Extract text from PDF files using pdftotext

Tzafrir Cohen · Tzafrir Cohen · commit 3942004c6771 · 2018-02-23T19:21:50.000+02:00
* Use pdftotext (program from poppler-utils) to extract text from PDF
  files.
* Don't try to extract text from files that don't have a '.doc'
  extension.
diff --git a/knesset_data/protocols/base.py b/knesset_data/protocols/base.py
@@ -2,7 +2,7 @@
 import contextlib
 from tempfile import mkstemp
 import os
-from .utils import antiword, antixml
+from .utils import antiword, antixml, pdftotext
 from cached_property import cached_property
 import io, requests
 import logging
@@ -89,6 +89,17 @@ def antiword_xml(self):
     def antiword_text(self):
         return antixml(self.antiword_xml)
 
+    @cached_property
+    def pdf_text(self):
+        """ Uses pdftotext to extract text from a PDF document.
+
+        Pages are separated by a 0x0c (form feed) character.
+        """
+
+        text = pdftotext(self.file_name).decode('utf-8')
+        # FIXME: remove explicit bidi characters?
+        return text
+
     def _close(self):
         [func() for func in self._cleanup]
 
diff --git a/knesset_data/protocols/committee.py b/knesset_data/protocols/committee.py
@@ -50,7 +50,13 @@ def text(self):
         if self._file_type == 'text':
             return self._file_data
         else:
-            text = decode(self.antiword_text, 'utf-8')
+            extension = self.file_extension.lower()
+            if self.file_extension == 'doc':
+                text = decode(self.antiword_text, 'utf-8')
+            elif self.file_extension == 'pdf':
+                text = decode(self.pdf_text, 'utf-8')
+            else:
+                text = ''
             tmp = text.split('OMNITECH')
             if len(tmp)==2 and len(tmp[0]) < 40:
                 text = tmp[1]
diff --git a/knesset_data/protocols/exceptions.py b/knesset_data/protocols/exceptions.py
@@ -8,3 +8,16 @@ def __str__(self):
             return "antiword processing failed, probably because antiword is not installed, try 'sudo apt-get install antiword'"
         else:
             return "antiword processing failed: {output}".format(output=self.output.split("\n")[0])
+
+
+class PdftotextNotInstalledException(Exception):
+    def __str__(self):
+        return "pdftotext binary does not seem to be installed.
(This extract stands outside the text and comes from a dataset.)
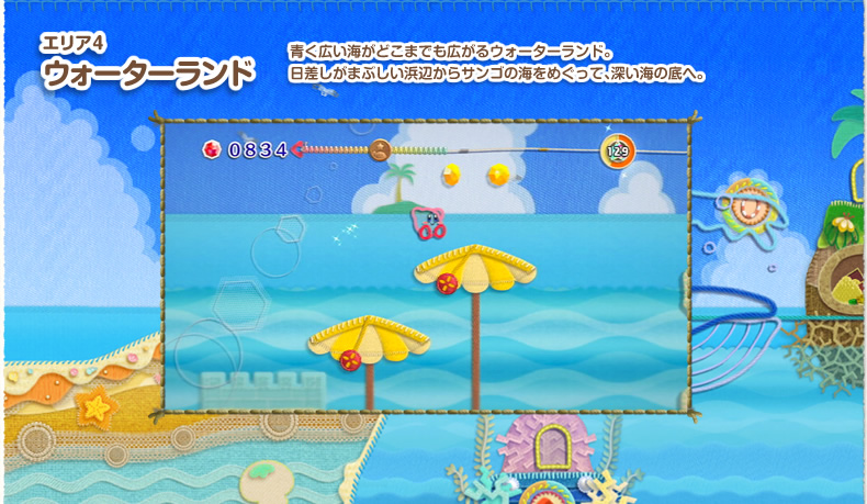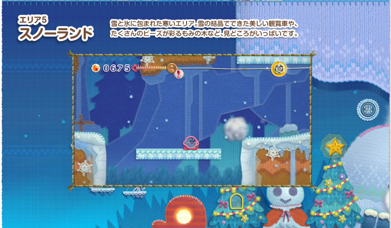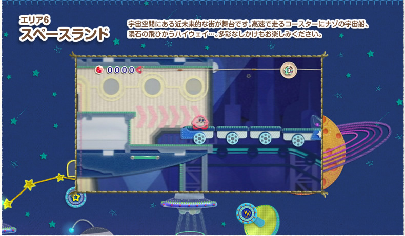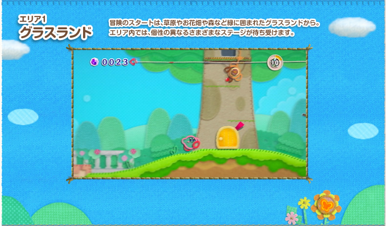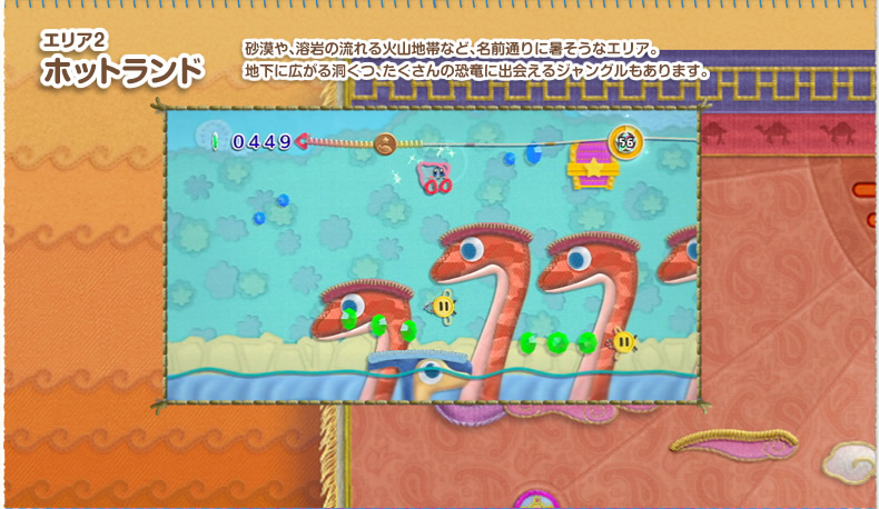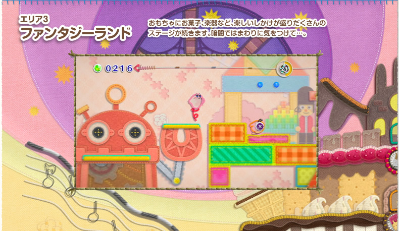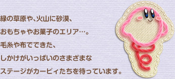 緑の草原や、火山に砂漠、おもちゃやお菓子のエリア…。毛糸や布でできた、しかけがいっぱいのさまざまなステージがカービィたちを待っています。

Try installing it using e.g. 'sudo apt-get install poppler-utils'"
+
+
+class PdftotextException(CalledProcessError):
+    def __str__(self):
+        if not self.output:
+            return "pdftotext processing silently failed."
+        else:
+            return "pdftotext processing failed: {output}".format(output=self.output.split("\n")[0])
diff --git a/knesset_data/protocols/utils.py b/knesset_data/protocols/utils.py
@@ -2,8 +2,10 @@
 import logging
 import subprocess
 import os
+import subprocess
 import xml.etree.ElementTree as ET
-from .exceptions import AntiwordException
+from .exceptions import AntiwordException, PdftotextException, \
+                        PdftotextNotInstalledException
 import six
 
 # solve issues with unicode for python3/2
@@ -44,6 +46,25 @@ def antiword(filename):
     return xmldata
 
 
+def pdftotext(filename):
+    """ returns the text of a PDF file given by its file.
+
+    Uses pdftotext from package poppler-utils on Debian
+    """
+    if not os.path.exists(filename):
+        raise IOError('File not found: %s'%filename)
+    try:
+        text = subprocess.check_output(['pdftotext', filename, '-'],
+                                       stderr=subprocess.STDOUT)
+    except FileNotFoundError as e:
+        raise PdftotextNotInstalledException()
+    except subprocess.CalledProcessError as e:
+        print("Tzafrir: <<no poppler?>>")
+        sys.exit(2)
+        raise PdftotextException(e.returncode, e.cmd, e.output)
+    return text
+
+
 def fix_hyphens(text):
     return text.replace(u"\n\n–\n\n",u" – ")